В квартале ортодоксов, среди мелких торговцев, ювелиров и учеников ешив, они собирают информацию о евреях Польши. Он разыскивает семьи, знакомые ей по берлинской улице Гренадир Штрассе, заселенной евреями, которую она собирается изобразить в романе. Она не перестает удивляться Израилю, обнаруживая все новые стороны его личности. В “Меа Шеарим” он смеется также заливисто, как смеялся в детстве. Шутит и балагурит на идише, что не характерно для него. Этим смехом он привлек богобоязненных евреев, особенно он сдружился с продавщицей париков. Однажды он стоял перед витриной ее лавки и заразительно смеялся. Полная продавщица вышла к нему с обидой: “Ты что, гой? Не знаешь, для чего они предназначены?”

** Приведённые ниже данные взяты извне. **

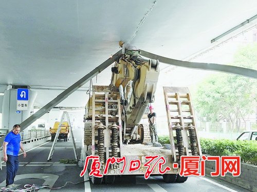 厦门一货车载着挖掘机钻高架桥 超高超载撞断排水管致堵车

“Моя мать носила парик”, – успокоил он продавщицу и рассказал ей историю. Религиозные женщины напали на его мать за то, что она пришла в микву – бассейн для омовения – с маленьким сыном. Мать отвечала: “Он совсем малыш. Чего вы сердитесь? Ничего не случится, если он увидит голую женщину”. Израиль покраснел, когда он увидел, как телеса продавщицы трясутся от смеха.
Израиль водил Наоми в залы, где звучала современная музыка. Веселые мотивы чередовались с печальными. И она ощущала, что любовь приносит ей вместе с легкостью, тяжесть на душу. Любовь пробуждает в ней силы творчества, но оглушает душу. Звуки и голоса затягивают ее в какую-то воронку и не дают покоя. Воображение уносит ее далеко-далеко от реальности мелодией, овладевающей всеми ее чувствами. Израиль говорит с улыбкой:
“Великих писателей тянет за пределы человеческой жизни”.
Глава четвертая
Она блуждает в потемках. Одна из центральных линий ее романа связана с иудаизмом, а она еще плохо представляет, что такое – иудаизм. Осовремененный иудаизм, о котором ей твердили в сионистском движении, – пустая бессодержательная идея. Она просит Израиля, чтобы он приблизил ее к еврейскому миру, который всосал с молоком матери.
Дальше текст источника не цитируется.